──────── THE RECORDS
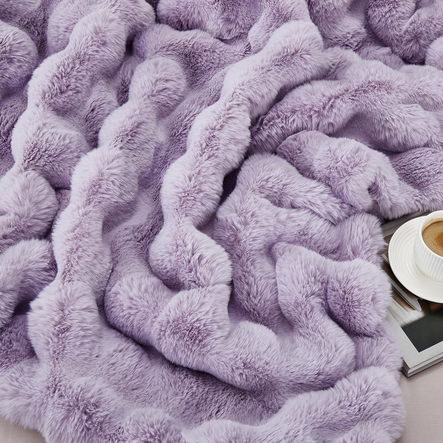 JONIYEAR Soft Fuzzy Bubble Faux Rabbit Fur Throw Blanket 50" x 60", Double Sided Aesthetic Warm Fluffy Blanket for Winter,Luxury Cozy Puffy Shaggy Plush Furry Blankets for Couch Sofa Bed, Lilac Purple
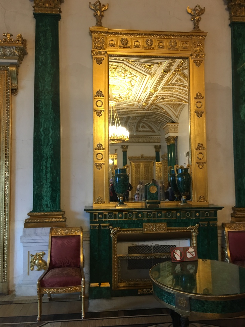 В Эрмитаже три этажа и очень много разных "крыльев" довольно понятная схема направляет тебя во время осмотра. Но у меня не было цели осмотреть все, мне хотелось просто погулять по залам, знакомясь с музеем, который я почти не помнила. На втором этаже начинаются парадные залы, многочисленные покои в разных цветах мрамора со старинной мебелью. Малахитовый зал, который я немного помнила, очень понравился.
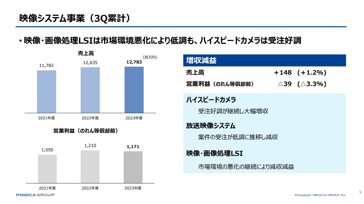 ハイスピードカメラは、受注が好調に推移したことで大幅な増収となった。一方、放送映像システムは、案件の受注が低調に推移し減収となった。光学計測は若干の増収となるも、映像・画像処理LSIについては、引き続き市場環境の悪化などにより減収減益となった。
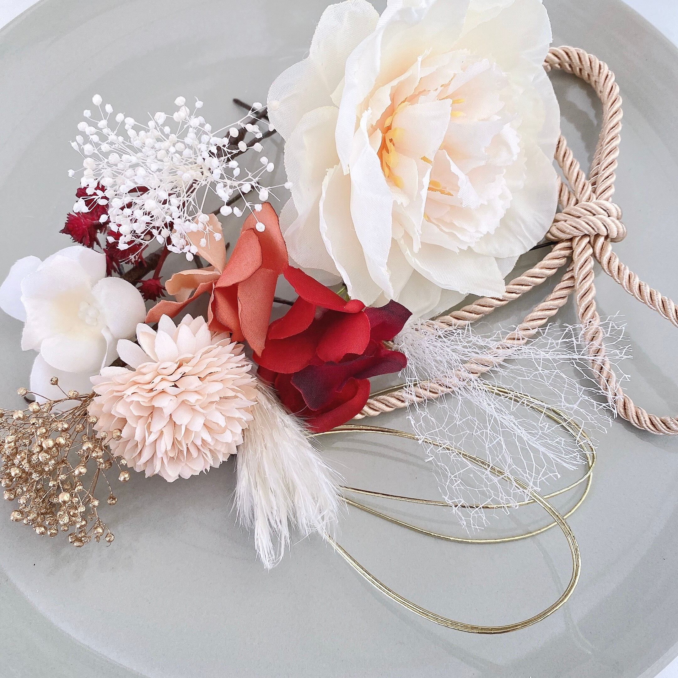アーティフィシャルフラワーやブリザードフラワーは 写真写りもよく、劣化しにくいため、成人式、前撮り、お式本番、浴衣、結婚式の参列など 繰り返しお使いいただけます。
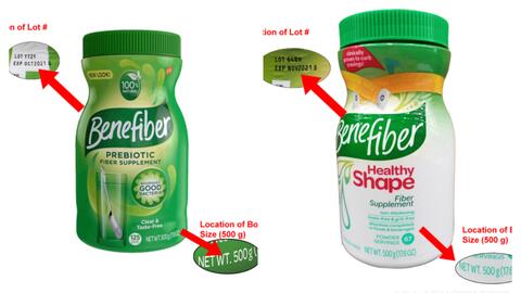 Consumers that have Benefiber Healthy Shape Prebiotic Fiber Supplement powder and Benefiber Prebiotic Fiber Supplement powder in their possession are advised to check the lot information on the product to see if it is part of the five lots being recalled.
────────────────
──────── THE RECORDS
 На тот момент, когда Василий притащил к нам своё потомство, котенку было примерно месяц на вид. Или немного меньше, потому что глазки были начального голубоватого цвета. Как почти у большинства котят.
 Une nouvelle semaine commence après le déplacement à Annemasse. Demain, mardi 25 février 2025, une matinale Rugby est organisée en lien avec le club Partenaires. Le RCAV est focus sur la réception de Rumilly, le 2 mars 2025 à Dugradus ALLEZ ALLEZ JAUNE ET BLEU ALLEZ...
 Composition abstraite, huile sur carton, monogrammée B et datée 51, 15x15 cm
────────────────
Copy nothing but the lines above that run from the one with "JONIYEAR Soft Fuzzy" to the one with "Consumers that have", ends included; pictures stay out.

**SOLUTION**.
 JONIYEAR Soft Fuzzy Bubble Faux Rabbit Fur Throw Blanket 50" x 60", Double Sided Aesthetic Warm Fluffy Blanket for Winter,Luxury Cozy Puffy Shaggy Plush Furry Blankets for Couch Sofa Bed, Lilac Purple
 В Эрмитаже три этажа и очень много разных "крыльев" довольно понятная схема направляет тебя во время осмотра. Но у меня не было цели осмотреть все, мне хотелось просто погулять по залам, знакомясь с музеем, который я почти не помнила. На втором этаже начинаются парадные залы, многочисленные покои в разных цветах мрамора со старинной мебелью. Малахитовый зал, который я немного помнила, очень понравился.
 ハイスピードカメラは、受注が好調に推移したことで大幅な増収となった。一方、放送映像システムは、案件の受注が低調に推移し減収となった。光学計測は若干の増収となるも、映像・画像処理LSIについては、引き続き市場環境の悪化などにより減収減益となった。
アーティフィシャルフラワーやブリザードフラワーは 写真写りもよく、劣化しにくいため、成人式、前撮り、お式本番、浴衣、結婚式の参列など 繰り返しお使いいただけます。
 Consumers that have Benefiber Healthy Shape Prebiotic Fiber Supplement powder and Benefiber Prebiotic Fiber Supplement powder in their possession are advised to check the lot information on the product to see if it is part of the five lots being recalled.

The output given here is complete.